En los casos de la prostitución y de la exposición del cuerpo por dinero como expresión de lucha en el campo de la igualdad social o como contraataque efectivo en el campo de las relaciones de poder, las mujeres tienen la guerra perdida. La tendencia es, pues, que las mujeres que cumplen con los estándares de belleza impuestos por las industrias culturales han renunciado al papel hegemónico o a la posibilidad de cumplir ese papel. Su lucha, por el contrario, consiste en hacerse objetos más valiosos. De esta manera, el capital simbólico que confiere el objeto al poseedor, le permite a éste posicionarse ventajosamente en el espacio de negociación simbólico. Esto, a su vez, le reditúa buenas ganancias. Siguiendo a Bourdieu: a mayor cantidad de capitales simbólicos (sociales, culturales, físicos, económicos) más posibilidades de dominación y de preservación habrá en el campo (espacio de las relaciones sociales) (1994 [1997: 107-108]).

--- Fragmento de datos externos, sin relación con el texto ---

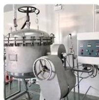
现代化生产模式 行业标准制定单位
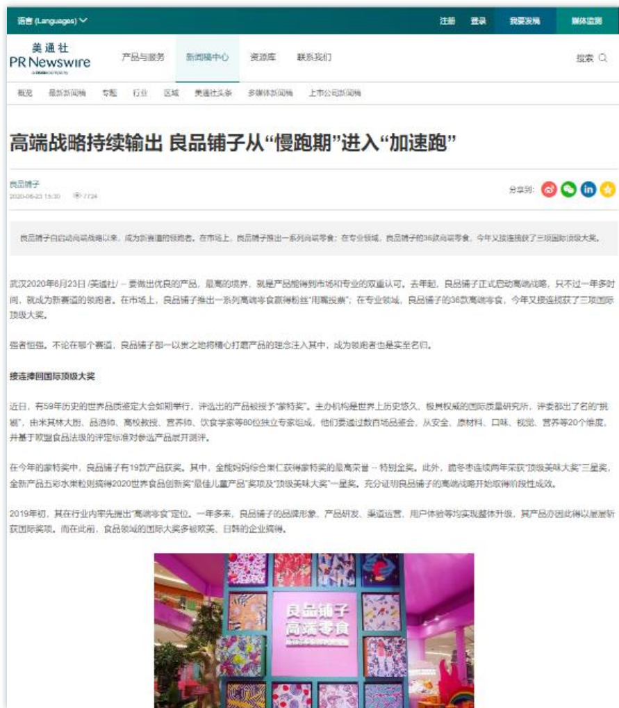
品牌战略 | 《高端战略持续输出 良品铺子从“慢跑期”进入“加速跑”》

La competencia femenina dentro de las estructuras simbólicas, así, no es por un capital que les permita ascender en el campo social, sino por cierta ilusión de igualdad en el terreno económico. Esto, con respecto a las pretensiones u objetivos feministas de fondo, constituye un magno fracaso.

El fetichismo de la virilidad

El estereotipo machista se ha enriquecido por medio de la reiteración y recreación histórica de lo que el sociólogo francés Pierre Bourdieu llama “cosmología falonarcisita” [1998: 3]. La predominancia masculina abarca mayoritariamente los terrenos sociales, antropológicos y filosóficos de la historia humana. En los controversidos términos psiconanalíticos lacanianos se hablaría del falo como origen del comportamiento narcisista que tanto ha obsesionado a los inconscientes colectivos desde el principio. Nuestra generación no escapa a esas aseveraciones. Incluso se podría afirmar que existe un acto-reflejo reaccionario masculino ante el riesgo que supuso y que ha supuesto la liberación femenina en las últimas décadas. Esta amenaza femenina contra la seguridad psicohistórica que brinda una mitología colectiva libre de incertidumbres (machista) ha provocado un sismo en los fundamentos de las sociedades contemporáneas postindustriales. Las estructuras milenarias se tambalean y los afectados, hasta ahora felices detentadores del poder, buscan contrarrestar el riesgo a toda costa. El macho se aferra a sus estrategias hegemónicas. Desafortunadamente, la lucha sigue siendo desigual puesto que, en muchos casos, las mujeres se equivocan en la detección del problema. La idea de que el feminismo es demasiado radical ha sido oportunamente difundida mayoritariamente por hombres. Tan efectiva ha sido esa difusión que en muchos casos son las propias mujeres —por desinformación o por apatía— las que rechazan cualquier tipo de feminismo. Olvidan —o ignoran—, para el beneplácito de su par masculino, que existen variadas aristas desprendidas del movimiento feminista, muchas de ellas, en la misma proporción inteligentemente críticas y moderadas. Aquí alguna bibliografía.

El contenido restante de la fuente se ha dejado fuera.